Quoting Anthony Ives <arives at wisc.edu>:

> Steve,
>
> Just a quick follow-up. Even though your work (and communityPGLMM)   
> does not allow transformations in the covariance matrices themselves  
>  (like the OU), it does in effect perform Pagel's lambda in the form  
>  sigma2*V + I ~= lambda*V + (1-lambda)*I.
>
> Cheers, Tony
>
>
> Anthony Ives
> Department of Zoology
> 459 Birge Hall (4th floor, E end of bldg)
> UW-Madison
> Madison, WI 53706
> 608-262-1519
>
>> On Feb 26, 2015, at 1:09 PM, Steve Walker <steve.walker at utoronto.ca> wrote:
>>
>> Thanks Tony.  For those interested, you can check out the   
>> development of my work on phylogenetic models in lme4 here:
>>
>> https://github.com/stevencarlislewalker/lme4ord
>>
>> The section in the README file about phylogenetic models gives an   
>> example and briefly describes the kinds of models that can be fitted.
>>
>> Regarding speed, the glmerc (with a 'c' for known covariance over   
>> grouping factor levels) function can fit models similar to the one   
>> in the README but with a 500 tip phylogeny in about 20 seconds on   
>> my pretty standard macbook pro.  lme4 uses sparse matrices for all   
>> random effect-related matrix computations, so most of the speed   
>> comes from this infrastructure.  However, it may be possible to   
>> speed things up more by exploiting Kronecker-product-type   
>> structure, but this would require some substantial additions to   
>> lme4, I think.
>>
>> I should also note that the models fitted by glmerc do _not_ allow  
>> for fitting parameters that scale branch lengths (e.g.  

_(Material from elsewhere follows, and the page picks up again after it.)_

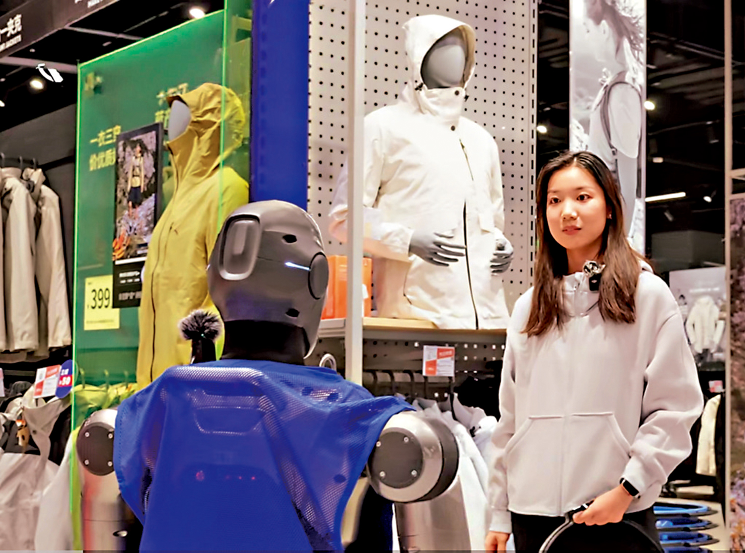 「歡迎光臨迪卡儂,請問有什麼小迪可以幫你的嗎?」「你好,小迪,我下周要去徒步,可以給我推薦一款衝鋒衣嗎?」在深圳迪卡儂沙河店,記者看到,深圳眾擎科技機器人化身導購「小迪」,給顧客「出謀劃策」、帶領他們選購戶外用品。

>> Ornstein-Uhlenbeck).  The fundamental challenge with these models  
>> in lme4 is that lme4 is based on a Cholesky factor parameterization  
>> of the random effects covariance matrix.  To parameterize the  
>> covariance matrix on the covariance or branch length scale, one  
>> would need to compute a Cholesky factor every time the deviance  
>> function is evaluated.  This could get costly.  The recent methods  
>> of Ho and Ané (2014) in the phylolm package might help here.   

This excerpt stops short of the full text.